Richmond’s latest Indian restaurant is an offshoot of the established and quite posh Cinnamon Club, all served in an Instagrammable hue of pink.

It promises diners modern Indian dishes inspired by the marketplaces that lie on the various trading routes that connect the empires of the Old World.

First stop, Richmond-Upon-Thames.

The service was really friendly and relaxed, serving us cocktails to enjoy outside in the unseasonal sunshine.

Best of these was the bright Pretty Please, with tequila, raspberry, elderflower and Grand Marnier. 

The Ananas did not contain enough pineapple for my taste and the Roots & Fruits tasted suspiciously like an Aperol Spritz – so if you like them you’re in the clear.

However, more refreshing than the drinks were the chaats, eaten as starters. Fresh flavours surprised mouths used to dense rich food from the nearby north Indian takeaway.

The puri, a shell of semolina filled variously with sweet and sour ‘waters’, chickpeas or potato, were a highlight, with the casing cracking to release a perfect mouthful of sharp freshness.

These were fun to eat as well as delicious.

Surprisingly light was dhokla chaat, a fluffy steamed chickpea cake.

Throughout all these ran a delicious green coriander chutney which cut through the heavier parts, especially the aloo tikki chaat potato cake.

Afterwards, the Malabar Boatman’s Kingfish Curry was the kind of dish you cannot stop dipping back into, even if you have had enough.

A briefly fried curry leaf garnish added a surprising meatiness to the gravy with generous chunks of fish.

A nice part of the Bazaar is that most of the mains come with rice, so there is no need to order such an important element on top.

For dessert, I would recommend ice cream with uncommon flavours such as cinnamon and saffron offered in subtle enough quantities to be universally likeable.
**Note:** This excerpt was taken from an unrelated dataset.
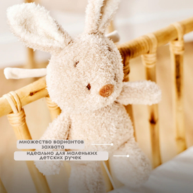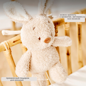 Плюшевый музыкальный кролик Nattou подарит спокойствие и ощущение безопасности вашему малышу в первые месяцы его жизни. Благодаря длинным висячим ушкам, мягкой плюшевой ткани и приятной на ощупь форме он быстро станет самым верным другом вашего малыша. Потяните за силиконовое кольцо, и музыкальная шкатулка воспроизведёт успокаивающую мелодию Ла-Ла-Лей — идеальный вариант для вечернего сна или спокойных моментов в дороге. Благодаря практичным шнуркам музыкального кролика можно легко прикрепить к кроватке, люльке, автокреслу, манежу или коляске. Очаровательный плюшевый мишка и прекрасный подарок для малыша.

I ate a kulfi, like ice cream but denser and creamier having not been whipped before freezing.

I wished I’d had the rasmalai, having been put off by the warning it was incredibly sweet, as I saw it delivered to the table behind and presented beautifully.

With dishes from across India, there is a real range on offer on the menu – able to pair the seafood with a north Indian tandoori lamb, and east and west on one plate.

It is this range that tempts you to come back, if only the prices were a little lower. 

At around £18 for a main and £7.50 for a chaat, Cinnamon Bazaar is not trying to compete with your local Indian takeaway.

It is more of an occasion, with a relaxed atmosphere and staff to keep you at ease but punchy flavours to make you furrow your brow and nod your head at your friend.

And with the fresh chaats and bright sunny interiors, I would say this is a great place to try this Summer.